— TASK INPUTS —

━━━━━━━━━━━━━━━━

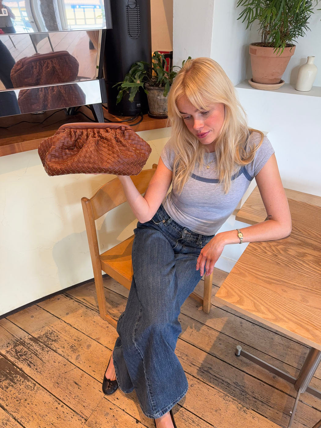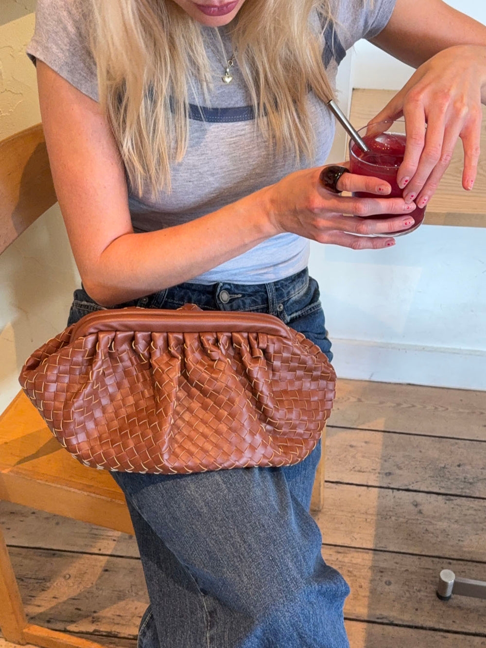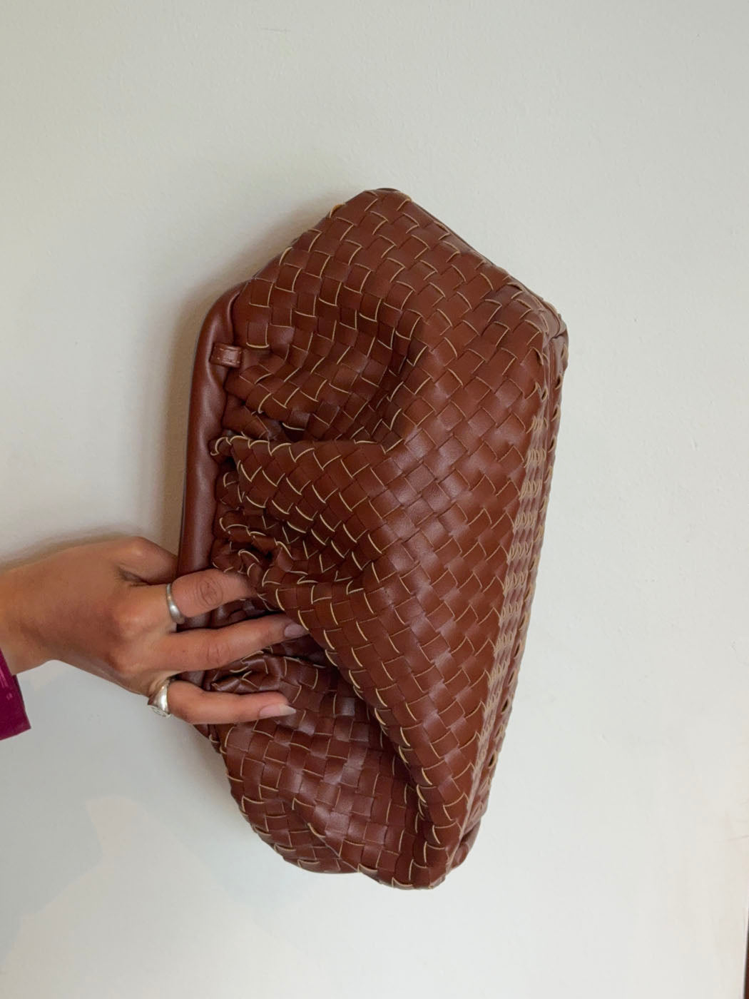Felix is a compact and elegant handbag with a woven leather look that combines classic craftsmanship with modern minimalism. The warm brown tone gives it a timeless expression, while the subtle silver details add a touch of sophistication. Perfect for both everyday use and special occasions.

━━━━━━━━━━━━━━━━

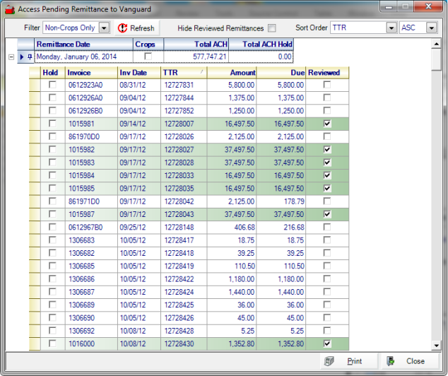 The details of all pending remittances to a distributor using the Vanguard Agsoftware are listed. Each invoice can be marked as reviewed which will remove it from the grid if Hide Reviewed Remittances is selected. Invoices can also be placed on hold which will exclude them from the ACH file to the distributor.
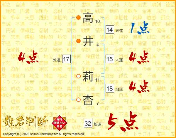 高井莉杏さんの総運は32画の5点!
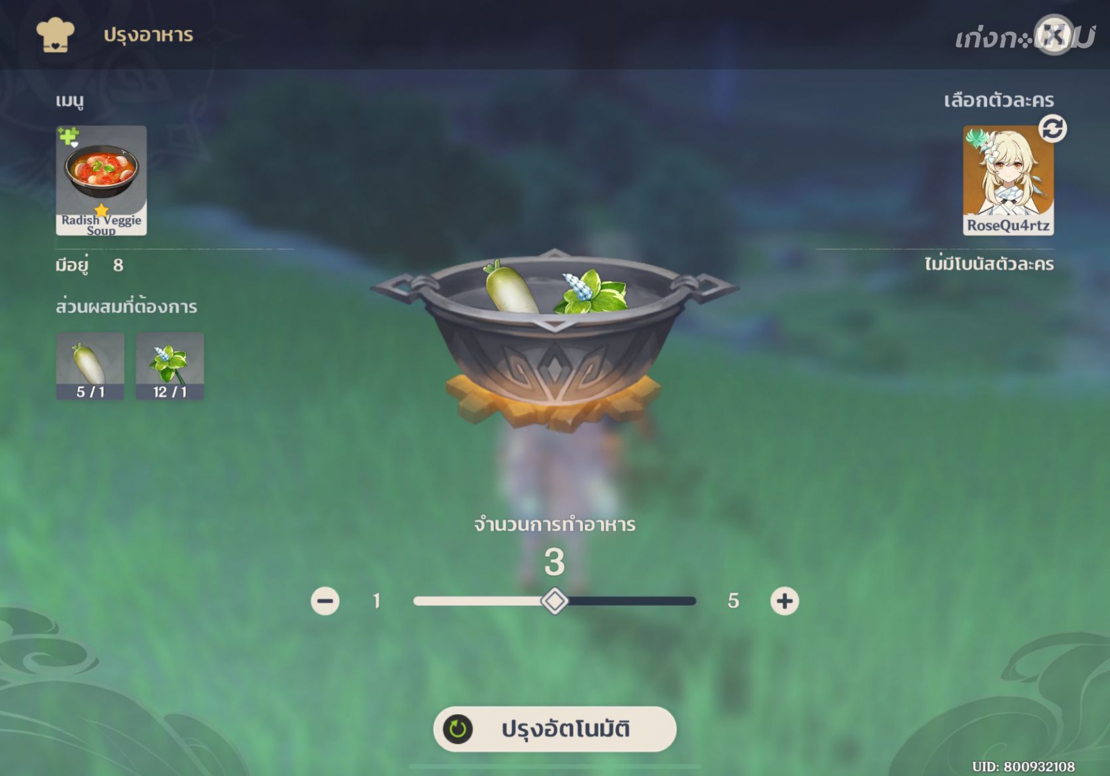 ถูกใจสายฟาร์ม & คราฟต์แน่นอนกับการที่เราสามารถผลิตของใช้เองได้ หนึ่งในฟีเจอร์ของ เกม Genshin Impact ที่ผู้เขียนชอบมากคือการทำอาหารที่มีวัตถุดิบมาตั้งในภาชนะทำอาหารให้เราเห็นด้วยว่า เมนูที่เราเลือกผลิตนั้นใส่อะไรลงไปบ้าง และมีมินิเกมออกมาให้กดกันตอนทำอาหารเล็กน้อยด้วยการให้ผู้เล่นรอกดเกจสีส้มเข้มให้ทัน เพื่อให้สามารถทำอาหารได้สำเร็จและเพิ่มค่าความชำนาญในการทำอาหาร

━━━━━━━━━━━━━━━━

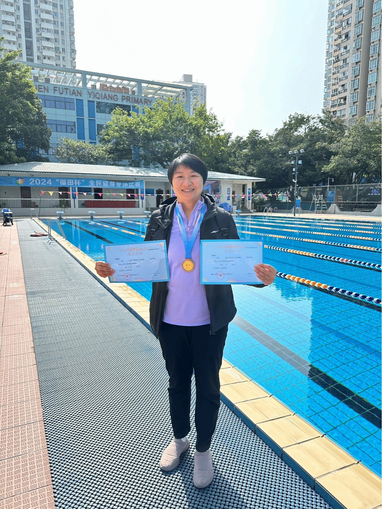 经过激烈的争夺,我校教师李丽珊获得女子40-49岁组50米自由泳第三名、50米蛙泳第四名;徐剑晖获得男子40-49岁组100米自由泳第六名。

━━━━━━━━━━━━━━━━

— WORK ITEM —
Write back word for word every line in the entries above from the one with "高井莉杏さんの総運は32画の5点!" to the one with "ถูกใจสายฟาร์ม & คราฟต์แน่นอนกับการที่เราสามารถผลิตของใช้เองได้", ends included, and none of the pictures.

— ANSWER SECTION —
 高井莉杏さんの総運は32画の5点!
 ถูกใจสายฟาร์ม & คราฟต์แน่นอนกับการที่เราสามารถผลิตของใช้เองได้ หนึ่งในฟีเจอร์ของ เกม Genshin Impact ที่ผู้เขียนชอบมากคือการทำอาหารที่มีวัตถุดิบมาตั้งในภาชนะทำอาหารให้เราเห็นด้วยว่า เมนูที่เราเลือกผลิตนั้นใส่อะไรลงไปบ้าง และมีมินิเกมออกมาให้กดกันตอนทำอาหารเล็กน้อยด้วยการให้ผู้เล่นรอกดเกจสีส้มเข้มให้ทัน เพื่อให้สามารถทำอาหารได้สำเร็จและเพิ่มค่าความชำนาญในการทำอาหาร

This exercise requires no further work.